Der vorliegende Band präsentiert nun die für den Druck bearbeiteten Beiträge der Tagung zum Thema des Widerstands im Nordosten vom Herbst 2019, die noch durch weitere Aufsätze ergänzt wurden. Die Ergebnisbände der beiden anderen Fachtagungen werden in dieser Reihe folgen.

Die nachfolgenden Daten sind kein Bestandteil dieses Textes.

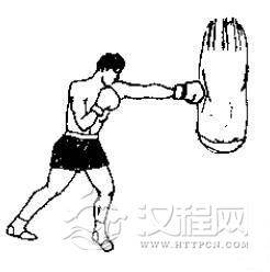(8)初学者在击打沙袋练习时,一定要注意动作的正确性,击打时动作的速度应先慢后快,重量应先轻后重。并且一定要结合步法进行击打,不能只注重招式,而忽略步法和全身协调用力的技术要求。否则在实战和比赛中难以得到应有的发挥。

Die Kulturstiftung der deutschen Vertriebenen dankt an dieser Stelle ausdrücklich dem Sächsischen Staatsministerium des Innern in Dresden – hier insbesondere Dr. Jens Baumann –, das die Drucklegung durch seine finanzielle Förderung ermöglicht hat, und ebenso Prof. Dr. Frank-Lothar Kroll, Chemnitz, der sich nicht nur allgemein um die redaktionelle Betreuung verdient gemacht und einen eigenen Beitrag beigesteuert, sondern auch den Beitrag des unerwartet 2020 verstorbenen Berliner Zeit- und Kirchenhistorikers Ulrich Hutter-Wolandt zum Kirchenkampf in Pommern vervollständigt hat.

Die Thematik des Widerstands gegen den Nationalsozialismus in den damaligen deutschen Ostprovinzen und in den angrenzenden Regionen Europas verstärkt ins Bewusstsein zu rücken und einen entsprechenden internationalen wissenschaftlichen Austausch zu befördern, war beziehungsweise ist Anliegen der Veranstaltungen und dieser Veröffentlichung, die damit der Verständigung der Deutschen und ihren Nachbarn im östlichen Europa dienen soll.